Have you ever had an hour and a half where everything went wrong? No? Allow me to share the one I’ve just had.
Like so many minor annoyances it started with smooth and uncomplicated promise. I was going to set doll’s eyes, a difficult task, which few people in the world do in miniature. Having had thirty years of practise, I thought I might enjoy it.
Moreover the OH was settled down at the computer on a conference call with a load of other old astronomers, which meant he would be quiet for a couple of hours and I could get on in peace.
To start off I had a bit of a health scare. Once you have had plenty of time in hospital and/or under anaesthetic if something drops off, or you have a sudden pain, or there is unexpected oozing, or you feel sick, you no longer expect it to be nothing. Naturally I imagined I was dying (still here, you may have deduced) but decided to work through it.
I have a small tin of doll eyes. The wonderful man who made the incredible hollow blown glass eyes in sizes 5mm downwards (I use mostly 3mm and 4mm) has left the planet, so every eye is precious.
So, of course, I dropped the first eye on the floor.
My knees do not work well at night. I fell heavily about fifteen years ago and knackered a knee. Yes I have a knee that is fit for the knacker’s yard which I am keeping going with highly ineffective exercises. So I got down on the floor and began patting. I finally found the eye.

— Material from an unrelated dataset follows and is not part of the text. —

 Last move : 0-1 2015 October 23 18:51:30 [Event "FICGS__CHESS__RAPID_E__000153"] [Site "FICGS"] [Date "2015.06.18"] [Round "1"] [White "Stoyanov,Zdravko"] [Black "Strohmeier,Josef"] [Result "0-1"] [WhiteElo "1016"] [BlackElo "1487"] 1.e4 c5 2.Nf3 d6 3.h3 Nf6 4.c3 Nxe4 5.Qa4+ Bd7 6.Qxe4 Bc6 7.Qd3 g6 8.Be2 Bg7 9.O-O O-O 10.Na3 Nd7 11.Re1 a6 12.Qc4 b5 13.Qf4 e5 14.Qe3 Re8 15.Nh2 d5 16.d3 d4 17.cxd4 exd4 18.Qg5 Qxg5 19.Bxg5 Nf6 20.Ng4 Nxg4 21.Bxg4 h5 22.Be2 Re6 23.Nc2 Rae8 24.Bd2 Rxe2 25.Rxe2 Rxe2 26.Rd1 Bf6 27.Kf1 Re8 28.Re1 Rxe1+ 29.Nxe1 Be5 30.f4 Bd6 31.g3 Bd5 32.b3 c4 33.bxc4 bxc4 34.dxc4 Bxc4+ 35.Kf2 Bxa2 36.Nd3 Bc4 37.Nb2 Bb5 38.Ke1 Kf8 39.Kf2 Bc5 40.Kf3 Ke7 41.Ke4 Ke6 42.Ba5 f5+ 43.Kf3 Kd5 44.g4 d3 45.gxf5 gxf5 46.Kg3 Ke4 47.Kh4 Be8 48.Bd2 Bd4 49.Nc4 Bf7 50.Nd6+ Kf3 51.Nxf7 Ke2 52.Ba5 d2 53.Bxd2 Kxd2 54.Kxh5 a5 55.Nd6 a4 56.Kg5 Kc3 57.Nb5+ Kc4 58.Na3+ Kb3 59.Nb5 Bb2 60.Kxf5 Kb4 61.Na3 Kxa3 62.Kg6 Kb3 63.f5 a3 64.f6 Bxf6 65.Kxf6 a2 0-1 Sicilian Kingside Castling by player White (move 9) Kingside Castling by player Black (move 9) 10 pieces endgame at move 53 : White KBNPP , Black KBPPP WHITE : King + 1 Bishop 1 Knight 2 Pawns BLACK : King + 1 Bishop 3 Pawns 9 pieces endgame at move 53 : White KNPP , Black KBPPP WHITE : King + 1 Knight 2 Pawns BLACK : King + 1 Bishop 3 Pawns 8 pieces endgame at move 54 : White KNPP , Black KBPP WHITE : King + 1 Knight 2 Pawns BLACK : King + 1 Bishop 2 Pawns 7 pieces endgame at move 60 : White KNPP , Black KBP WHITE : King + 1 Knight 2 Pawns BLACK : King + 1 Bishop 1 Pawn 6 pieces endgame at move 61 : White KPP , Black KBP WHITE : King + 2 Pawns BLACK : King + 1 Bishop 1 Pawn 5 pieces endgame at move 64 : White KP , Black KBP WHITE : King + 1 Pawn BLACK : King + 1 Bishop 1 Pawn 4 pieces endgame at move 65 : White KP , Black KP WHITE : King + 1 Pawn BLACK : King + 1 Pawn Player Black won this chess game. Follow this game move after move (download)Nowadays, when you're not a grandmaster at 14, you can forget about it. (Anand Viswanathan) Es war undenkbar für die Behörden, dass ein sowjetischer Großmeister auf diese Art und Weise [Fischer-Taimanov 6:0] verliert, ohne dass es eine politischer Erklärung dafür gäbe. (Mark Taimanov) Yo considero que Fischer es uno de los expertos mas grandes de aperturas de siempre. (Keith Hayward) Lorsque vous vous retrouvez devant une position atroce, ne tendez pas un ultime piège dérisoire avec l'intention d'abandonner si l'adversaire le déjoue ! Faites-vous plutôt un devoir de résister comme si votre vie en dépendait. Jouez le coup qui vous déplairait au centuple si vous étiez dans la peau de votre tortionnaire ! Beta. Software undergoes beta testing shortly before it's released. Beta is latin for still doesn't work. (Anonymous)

It was looking at me way under the table. Having found the tiny eye it is inadvisable to straighten your back if you are under the table. Neither should you haul yourself up, your knee being knackered, by the chair on castors. Normally these stick and will not go over the edge of the rug, however if you are grasping a tiny eye and your knee will not save you, you could be on the road and up into town in a flash.
Eye setting is a matter of extreme patience. If one goes in, the second will swivel, fall out, get jammed in the neck hole, and when it finally does go in right, manipulated by tweezers which keep pinging off the smooth glass, the other eye will decide that looked like fun, and join in.

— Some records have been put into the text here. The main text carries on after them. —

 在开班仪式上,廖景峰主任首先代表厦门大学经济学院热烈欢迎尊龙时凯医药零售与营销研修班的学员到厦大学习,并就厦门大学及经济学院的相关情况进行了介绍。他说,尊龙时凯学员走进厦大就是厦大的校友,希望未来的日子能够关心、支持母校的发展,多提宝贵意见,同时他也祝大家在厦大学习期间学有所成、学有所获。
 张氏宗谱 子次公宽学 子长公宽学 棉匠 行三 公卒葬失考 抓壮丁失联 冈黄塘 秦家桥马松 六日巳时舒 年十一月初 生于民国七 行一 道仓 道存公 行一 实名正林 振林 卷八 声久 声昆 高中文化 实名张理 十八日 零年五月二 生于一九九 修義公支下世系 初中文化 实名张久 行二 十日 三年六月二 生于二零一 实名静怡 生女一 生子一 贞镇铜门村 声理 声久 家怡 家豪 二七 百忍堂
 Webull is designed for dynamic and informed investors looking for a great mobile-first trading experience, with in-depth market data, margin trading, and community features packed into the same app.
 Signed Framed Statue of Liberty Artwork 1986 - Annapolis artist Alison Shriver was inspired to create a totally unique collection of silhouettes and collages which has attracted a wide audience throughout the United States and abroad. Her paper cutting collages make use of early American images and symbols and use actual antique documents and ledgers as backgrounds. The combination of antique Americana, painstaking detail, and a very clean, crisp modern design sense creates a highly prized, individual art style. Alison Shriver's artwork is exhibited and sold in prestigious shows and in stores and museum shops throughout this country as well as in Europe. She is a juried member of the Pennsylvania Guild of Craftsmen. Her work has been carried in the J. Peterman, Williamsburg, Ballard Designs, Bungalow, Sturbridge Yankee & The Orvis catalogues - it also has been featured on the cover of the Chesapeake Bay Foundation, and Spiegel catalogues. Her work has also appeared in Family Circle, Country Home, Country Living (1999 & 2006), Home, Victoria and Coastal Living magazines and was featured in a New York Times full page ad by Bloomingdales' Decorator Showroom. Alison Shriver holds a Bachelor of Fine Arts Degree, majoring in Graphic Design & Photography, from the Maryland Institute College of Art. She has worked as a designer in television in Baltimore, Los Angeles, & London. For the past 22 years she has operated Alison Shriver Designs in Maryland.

They all did that. Then I realised two sets had stalks that were too long to permit stringing, so I took the carefully positioned eyes out again, nibbled a bit of glass off with my scissors, which glass swarf, naturally, I picked up with the empty head and ground into my finger.
Having got all the heads prepared, with every eye stuck in temporarily with sticky wax, I repaired to the sink to mix up the plaster of Paris. I opened the tub of plaster and started opening the internal plastic bag, which, being almost as old as I am, just disintegrated into a pile of dust, right beside the sink. You should never wash plaster down the sink unless you are a plumber, or you are married to a plumber, or in a civil, or uncivil, union with a plumber. I subscribe to none of these but I did it anyway because I was coated with plaster, when the intention had been to fill the dolls’ heads with plaster, not the doll maker.

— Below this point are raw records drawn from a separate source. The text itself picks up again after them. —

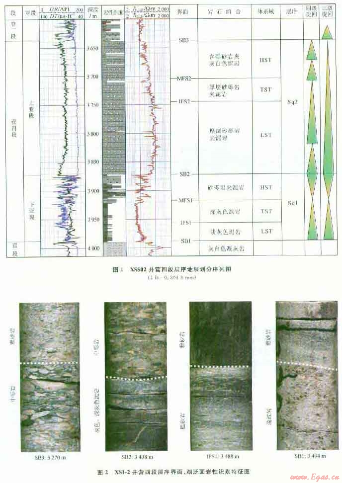 通過(guò)全井段取心井XSl—2井等多井巖心的細(xì)致觀察描述——識(shí)別巖性、巖相界面特征,多井對(duì)比和井震關(guān)系研究,根據(jù)地層發(fā)育特征、地層旋回性和巖相發(fā)育特征,對(duì)營(yíng)四段地層劃分出2個(gè)三級(jí)層序,即營(yíng)四段下層序(Sql)、營(yíng)四段上層序(Sq2)和6個(gè)四級(jí)層序(圖1、2)[2]。
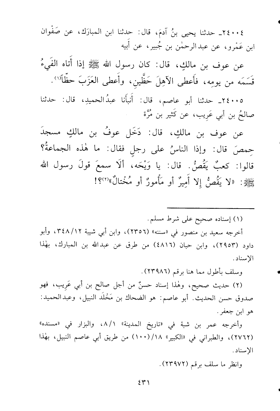 ٢٤٠٠٥ - حَدَّثَنَا أَبُو عَاصِمٍ قَالَ: أَنْبَأَنَا عَبْدُ الْحَمِيدِ قَالَ: حَدَّثَنَا صَالِحُ بْنُ أَبِي عَرِيبٍ، عَنْ كَثِيرِ بْنِ مُرَّةَ، عَنْ عَوْفِ بْنِ مَالِكٍ قَالَ: دَخَلَ عَوْفُ بْنُ مَالِكٍ مَسْجِدَ حِمْصَ قَالَ: وَإِذَا النَّاسُ عَلَى رَجُلٍ، فَقَالَ: مَا هَذِهِ الْجَمَاعَةُ؟ قَالُوا: كَعْبٌ يَقُصُّ، قَالَ: يَا وَيْحَهُ، أَلَا سَمِعَ قَوْلَ رَسُولِ اللهِ صَلَّى اللهُ عَلَيْهِ وَسَلَّمَ " لَا يَقُصُّ إِلَّا أَمِيرٌ أَوْ مَأْمُورٌ أَوْ مُخْتَالٌ " (٢)
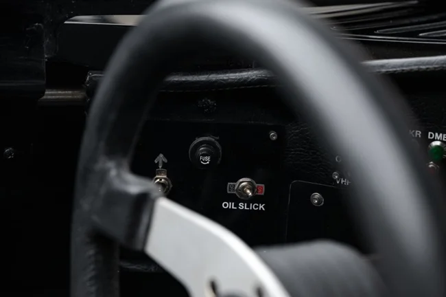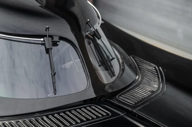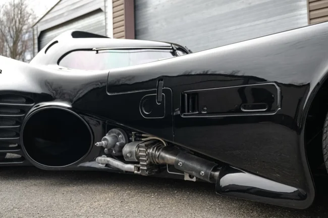 The Batmobile's body is made of fiberglass, and the fittings are made from parts of a real fighter jet. In particular, the jet engine nozzle at the stern, like a number of other components, are borrowed from the British Harrier. And they can even be called partially functional. Given the stunt focus of the replica, flamethrowers are mounted inside the nozzle to simulate afterburners.
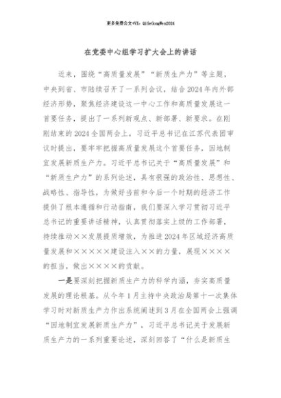 / 【七哥公文】2024年:在党委中心组学习扩大会上的讲话+更多免费公文+VX:QiGeGongWen2024
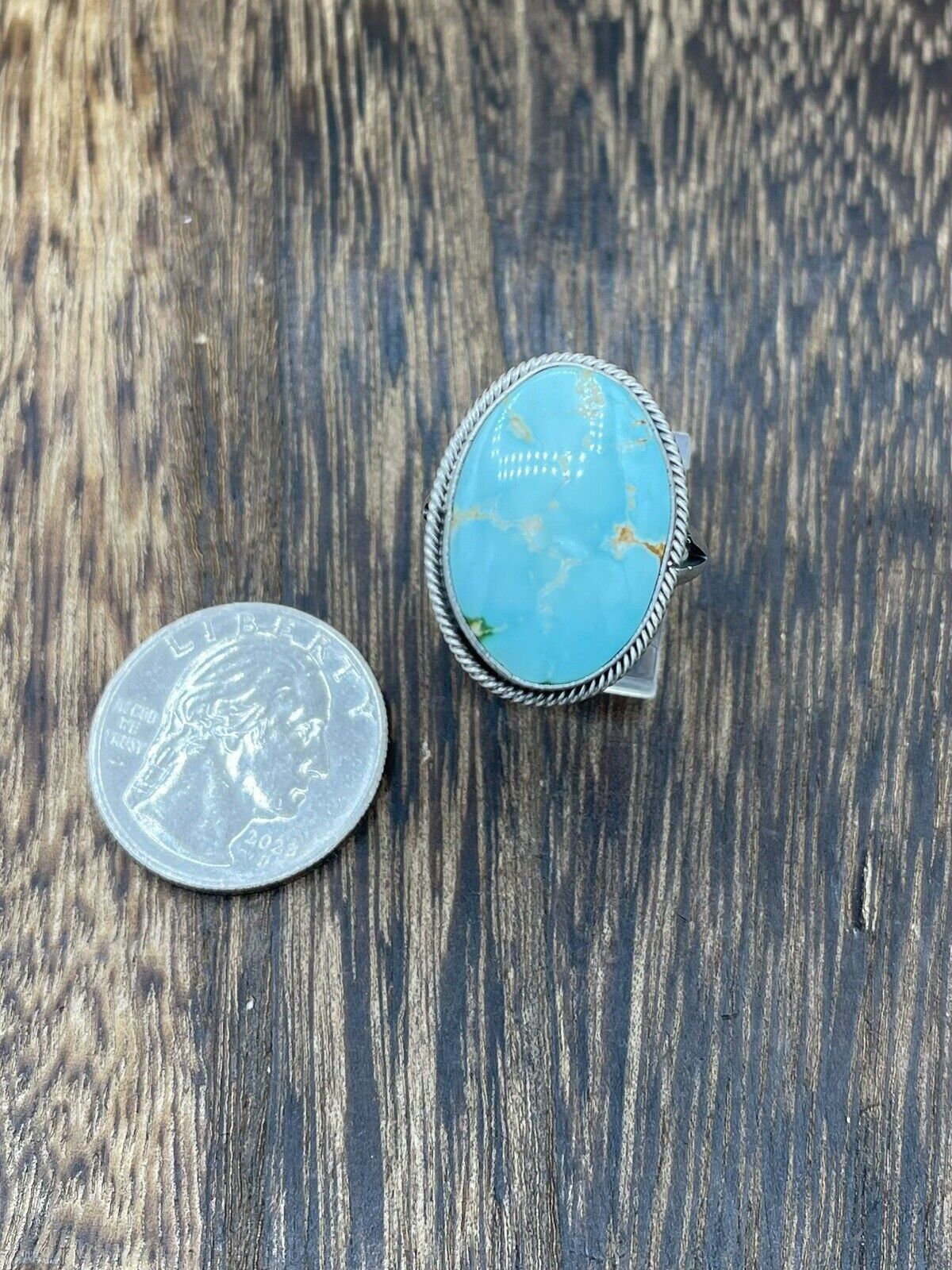 Native American Navajo Handmade Silver Royston Turquoise Old Look Ring Size 9.5
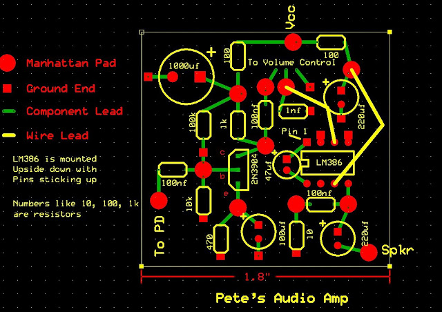 I see where Walter used one of the suggested techniques involving a piece of PC Board that is "grided" with 1/4 inch squares and then the MePads are glued down to the pads. Noteworthy is that using this method should you want to swap in an LM380 for the LM386 -- pretty easy to do.

Then an eye came out as it was having the plaster poured behind it, so I washed all that head off and began again by which time the plaster had set, in the only tiny receptacle I could find, but not before covering the bathroom in a light film of plaster dust. So the second lot of plaster got mixed up in the lid of an evaporating eye make-up remover bottle, which stupidity I shall regret tomorrow.
And rest. By this time the health panic was over but my back was aching instead.
I did wonder, when I began making dolls thirty years ago why no one else was making miniature dolls with glass eyes. Why, I wondered, is no other doll maker doing this?
Common sense. They all had too much common sense. They looked and thought the job was going to be expensive and too difficult to do in any way commercially, so, sensibly, they did not bother.
The only other daft thing I have done so far this evening is sweep the rest of the shattered glass off the table with my hand.
You can’t see the glass in your hand, just feel it.
I shall now go to bed and begin again in the afternoon. That is, if I haven’t clonked the OH with the wok he’d been making his tea in. I told him of my fraught evening and he laughed.
In the morning I am having my hair permed, I do hope that will pass without incident, if you see me with clown hair at the show, you will know.